Content starts

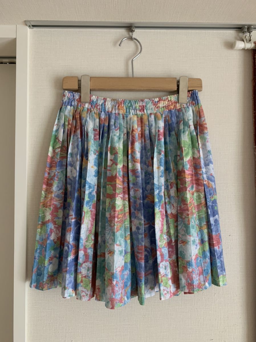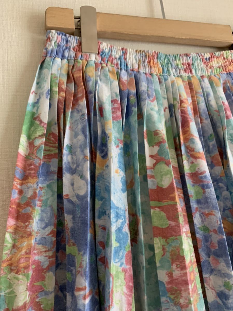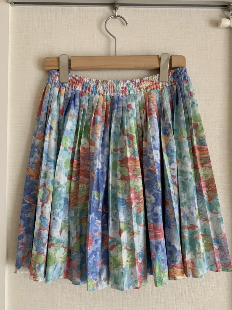 古着屋さん購入のデンマーク製スカートです。色合いが水彩画のようできれいです。着丈が短いのでお子さんのスカートでも良さそうです。
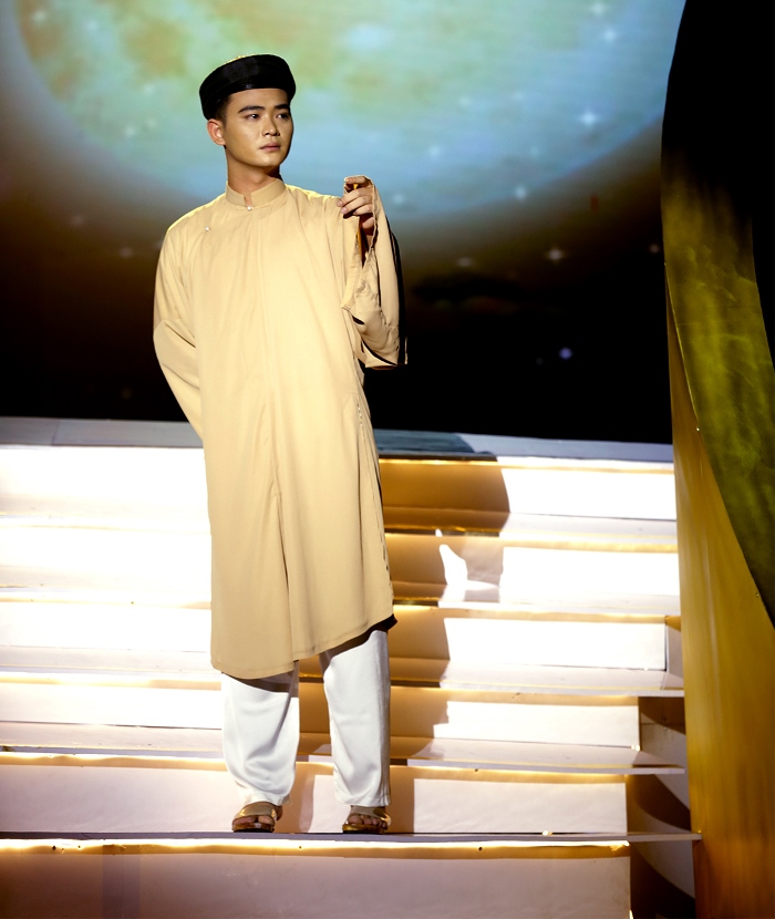 Thí sinh Hoàng Thắng chọn ca khúc Lan và Điệp 4 trong vòng thi Toả sáng với trang phục áo dài xưa truyền thống.
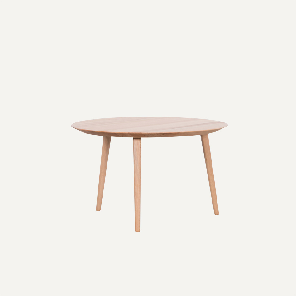 The Tomrer coffee table comes from the Sav & Økse collection. A collection of Scandinavian tables made of solid wood. Characteristic in their simplicity and quality. This is clearly reflected in the Tomrer coffee table. A table with a slender construction and a free lying top. This makes the table look light and soft. The edges are rejuvenated and the flowing lines of the design make the table cuddly. The legs are slightly slanted under the table-top and have rounded corners. Both the triangular and this round variant have three legs.
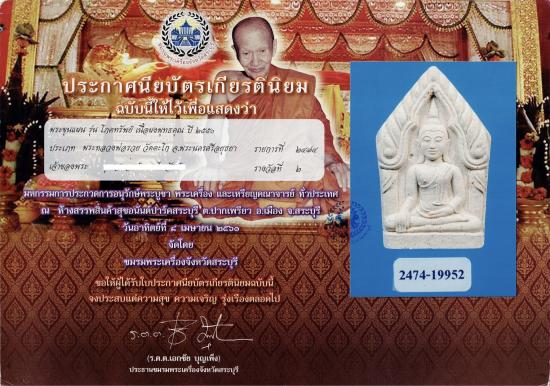 พระขุนแผนหลวงพ่อรวย วัดตะโก รุ่นโภคทรัพย์ จ.พระนครศรีอยุธยา เนื้อผง ปี 2550 (พร้อมใบประกาศ) |
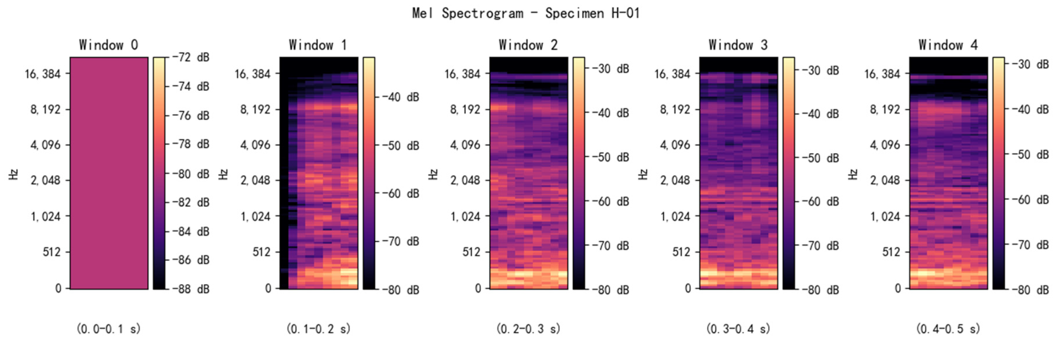 Figure 6. During compression, intermittent AE signals were generated as microcracks initiated and propagated, followed by intense sound bursts corresponding to the onset of macrofracture and ultimate failure. The AE data collected by the integrated detector were stored as temporal sequences, including timestamps, amplitudes, peak frequencies, and energy values. Meanwhile, the audio signals were recorded as continuous waveform data and subsequently processed using the Librosa Python (Version: 0.11.0) library for feature extraction and Mel spectrogram generation.
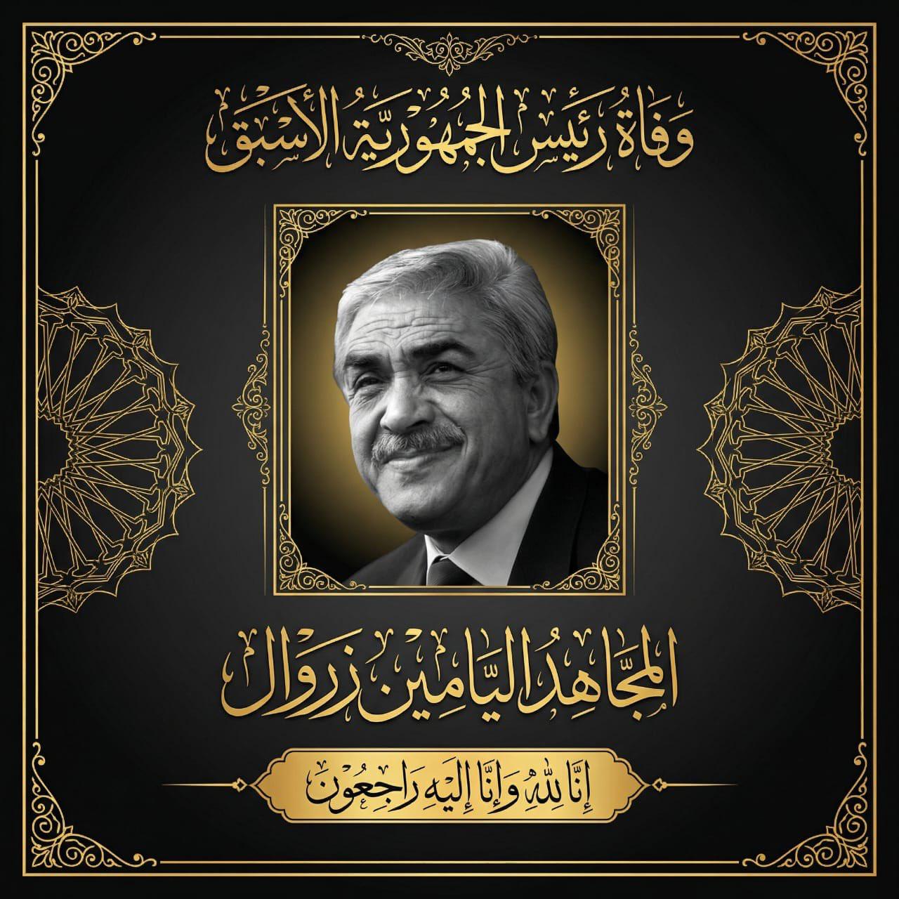 وجاء في البيان: “على إثر وفاة رئيس الجمهورية الأسبق المجاهد اليامين زروال، تعلن رئاسة الجمهورية حدادا وطنيا لثلاثة أيام ابتداء من اليوم، على كامل التراب الوطني، وفي الممثليات الدبلوماسية بالخارج مع تنكيس العلم الوطني”
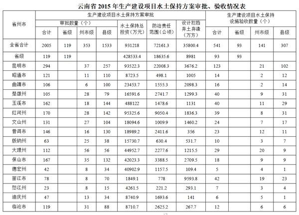 2015年我省共審批生產(chǎn)建設(shè)項(xiàng)目水上保持方案2005個(gè),其中省級(jí)119個(gè),州(市)級(jí)353個(gè),縣級(jí)1533個(gè)。設(shè)計(jì)投入水土保持資金93.12億元,防治責(zé)任范圍72161.3公頃,設(shè)計(jì)攔擋棄土棄渣35800.4萬立方米。
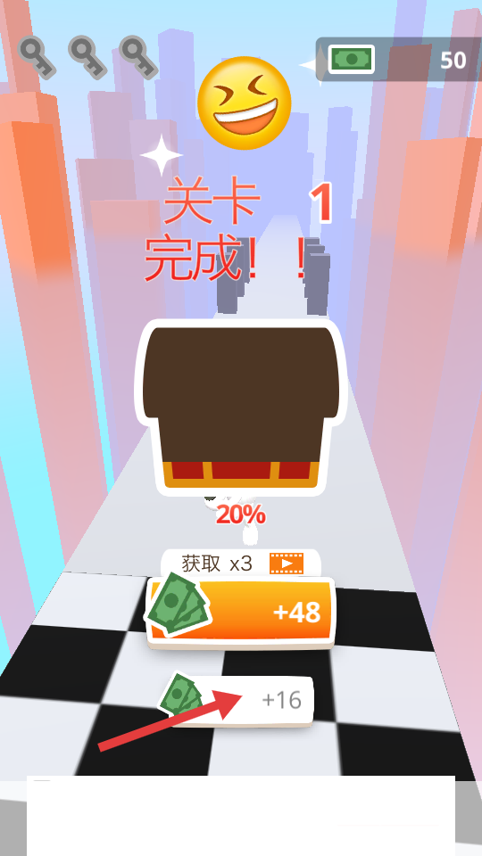 4、关卡完成后,可直接领取奖励,或看广告翻倍,按需选择,继续闯关。
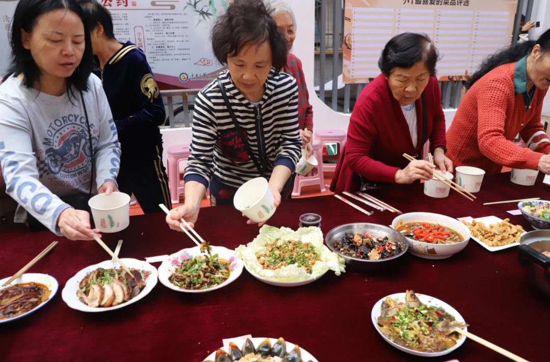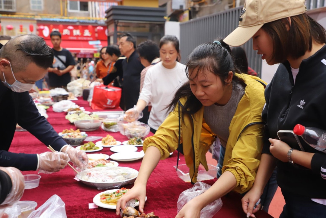 11時,“百家宴”將活動推向高潮。江漢社區組織40余戶商戶及200位居民,精心準備了近70道地道沙市美食。魚糕、藕丸、早堂面、珍珠圓子等經典楚味擺滿長桌,居民們在品嘗中感受沙市飲食的深厚底蘊和人間煙火氣。
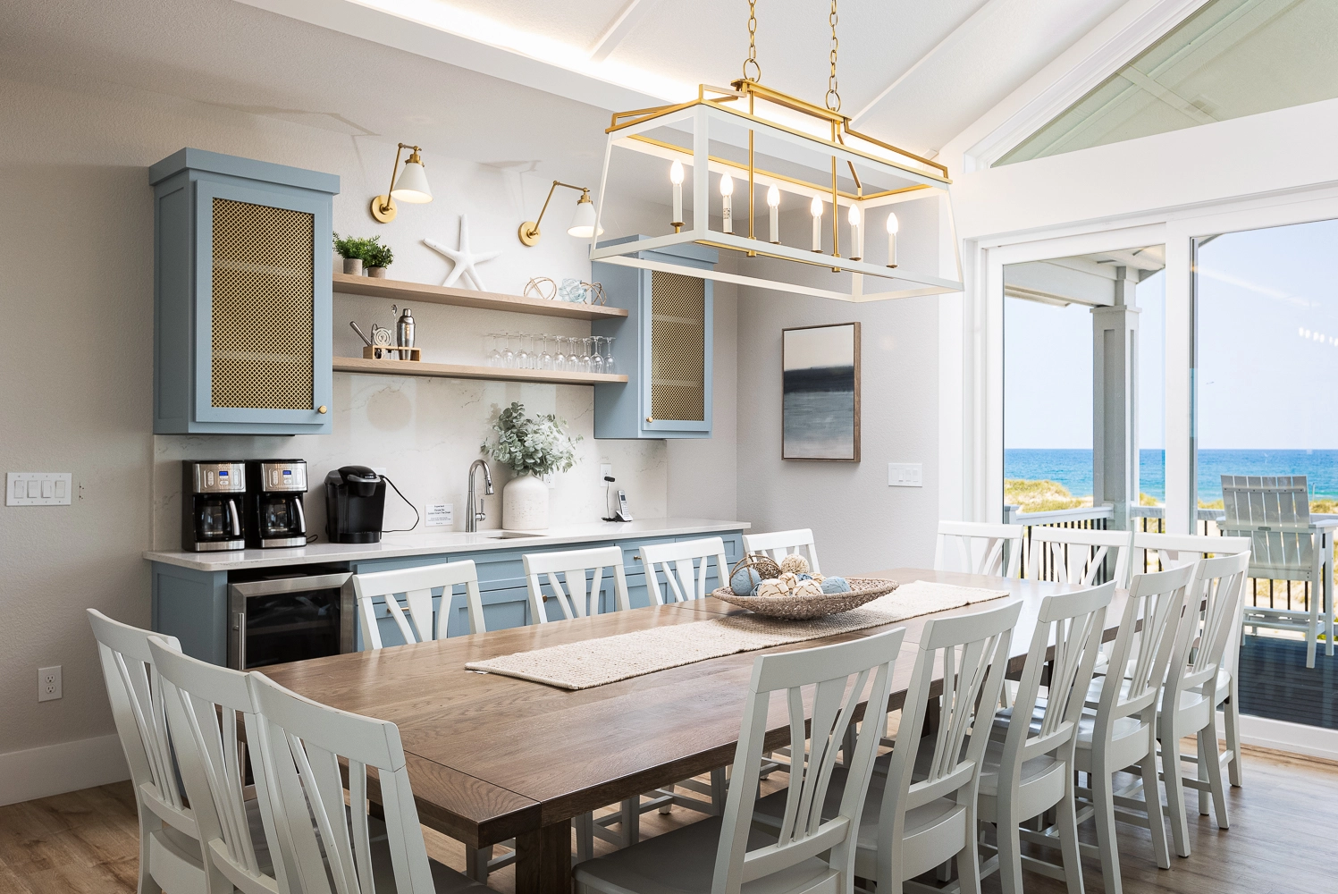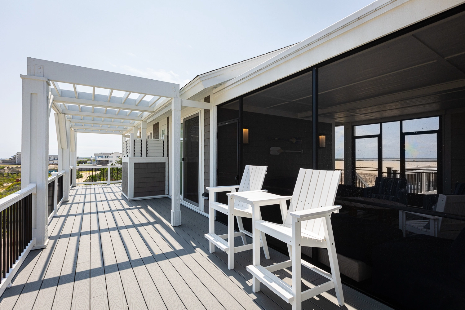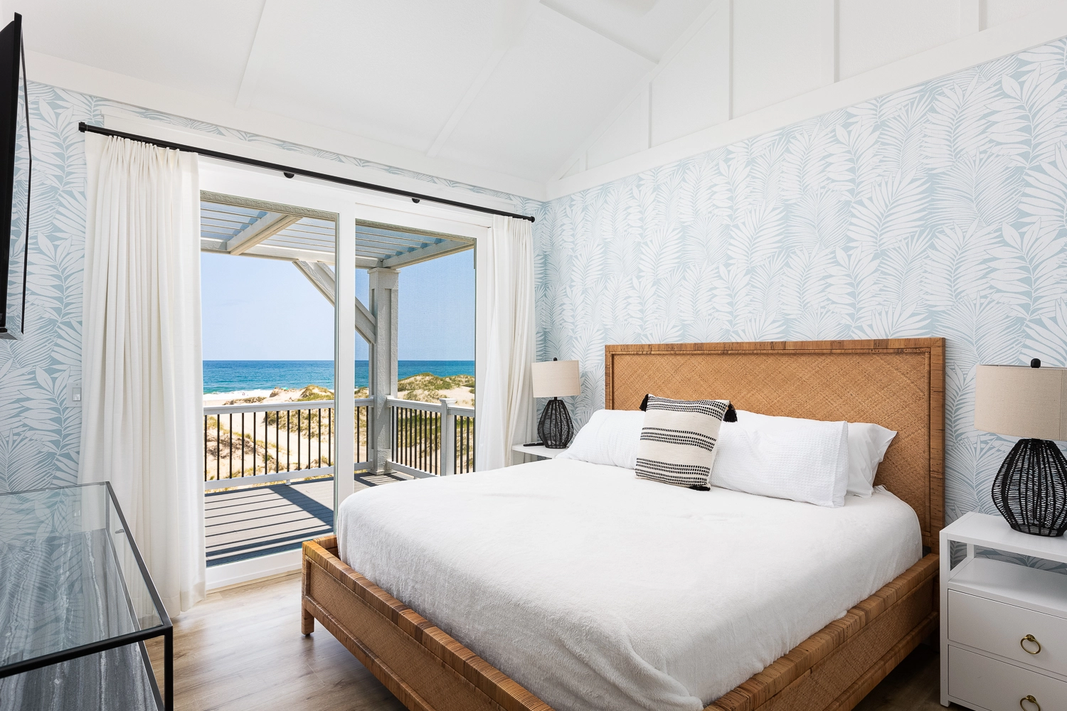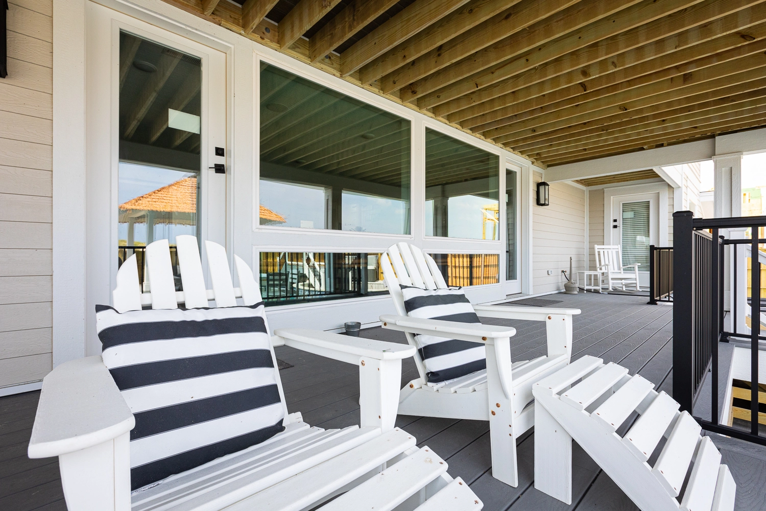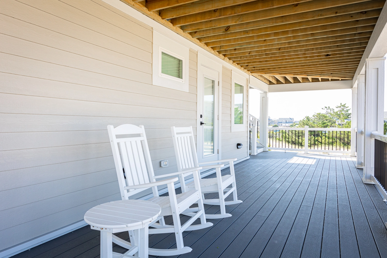 "We loved the location - right on the beach with beautiful views! The home was extremely clean and beautifully decorated (I'm an interior designer so that's important to me). The layout of the home was great, and it has so many amenities. We had private chefs all week and they LOVED the kitchen. The screened porch was one of our favorite places to hang out. We stayed in the bedroom in the separate section and never heard a thing from the main house (lots of grandkids up early). Loved having access to the deck from our bedroom and sleeping with the doors open so we could listen to the ocean (it's still cool at night). We also heard quite a bit of horse activity at night and saw them a lot during the day."
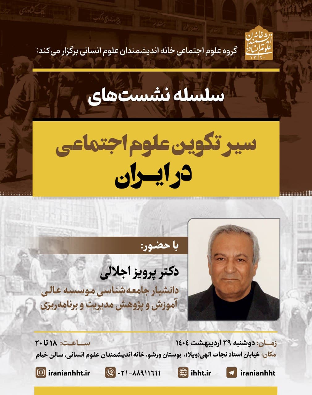 نشست "سیر تکوین در علوم اجتماعی ایران" روز دوشنبه 29 اردیبهشت در سالن خیام خانه اندیشمندان علوم انسانی برگزار می شود.

Content ends

* **Exercise details**
Your copy should match the records word for word, with the pictures removed.

* **Problem solution**
 古着屋さん購入のデンマーク製スカートです。色合いが水彩画のようできれいです。着丈が短いのでお子さんのスカートでも良さそうです。
 Thí sinh Hoàng Thắng chọn ca khúc Lan và Điệp 4 trong vòng thi Toả sáng với trang phục áo dài xưa truyền thống.
 The Tomrer coffee table comes from the Sav & Økse collection. A collection of Scandinavian tables made of solid wood. Characteristic in their simplicity and quality. This is clearly reflected in the Tomrer coffee table. A table with a slender construction and a free lying top. This makes the table look light and soft. The edges are rejuvenated and the flowing lines of the design make the table cuddly. The legs are slightly slanted under the table-top and have rounded corners. Both the triangular and this round variant have three legs.
 พระขุนแผนหลวงพ่อรวย วัดตะโก รุ่นโภคทรัพย์ จ.พระนครศรีอยุธยา เนื้อผง ปี 2550 (พร้อมใบประกาศ) |
 Figure 6. During compression, intermittent AE signals were generated as microcracks initiated and propagated, followed by intense sound bursts corresponding to the onset of macrofracture and ultimate failure. The AE data collected by the integrated detector were stored as temporal sequences, including timestamps, amplitudes, peak frequencies, and energy values. Meanwhile, the audio signals were recorded as continuous waveform data and subsequently processed using the Librosa Python (Version: 0.11.0) library for feature extraction and Mel spectrogram generation.
 وجاء في البيان: “على إثر وفاة رئيس الجمهورية الأسبق المجاهد اليامين زروال، تعلن رئاسة الجمهورية حدادا وطنيا لثلاثة أيام ابتداء من اليوم، على كامل التراب الوطني، وفي الممثليات الدبلوماسية بالخارج مع تنكيس العلم الوطني”
 2015年我省共審批生產(chǎn)建設(shè)項(xiàng)目水上保持方案2005個(gè),其中省級(jí)119個(gè),州(市)級(jí)353個(gè),縣級(jí)1533個(gè)。設(shè)計(jì)投入水土保持資金93.12億元,防治責(zé)任范圍72161.3公頃,設(shè)計(jì)攔擋棄土棄渣35800.4萬立方米。
 4、关卡完成后,可直接领取奖励,或看广告翻倍,按需选择,继续闯关。
 11時,“百家宴”將活動推向高潮。江漢社區組織40余戶商戶及200位居民,精心準備了近70道地道沙市美食。魚糕、藕丸、早堂面、珍珠圓子等經典楚味擺滿長桌,居民們在品嘗中感受沙市飲食的深厚底蘊和人間煙火氣。
 "We loved the location - right on the beach with beautiful views! The home was extremely clean and beautifully decorated (I'm an interior designer so that's important to me). The layout of the home was great, and it has so many amenities. We had private chefs all week and they LOVED the kitchen. The screened porch was one of our favorite places to hang out. We stayed in the bedroom in the separate section and never heard a thing from the main house (lots of grandkids up early). Loved having access to the deck from our bedroom and sleeping with the doors open so we could listen to the ocean (it's still cool at night). We also heard quite a bit of horse activity at night and saw them a lot during the day."
 نشست "سیر تکوین در علوم اجتماعی ایران" روز دوشنبه 29 اردیبهشت در سالن خیام خانه اندیشمندان علوم انسانی برگزار می شود.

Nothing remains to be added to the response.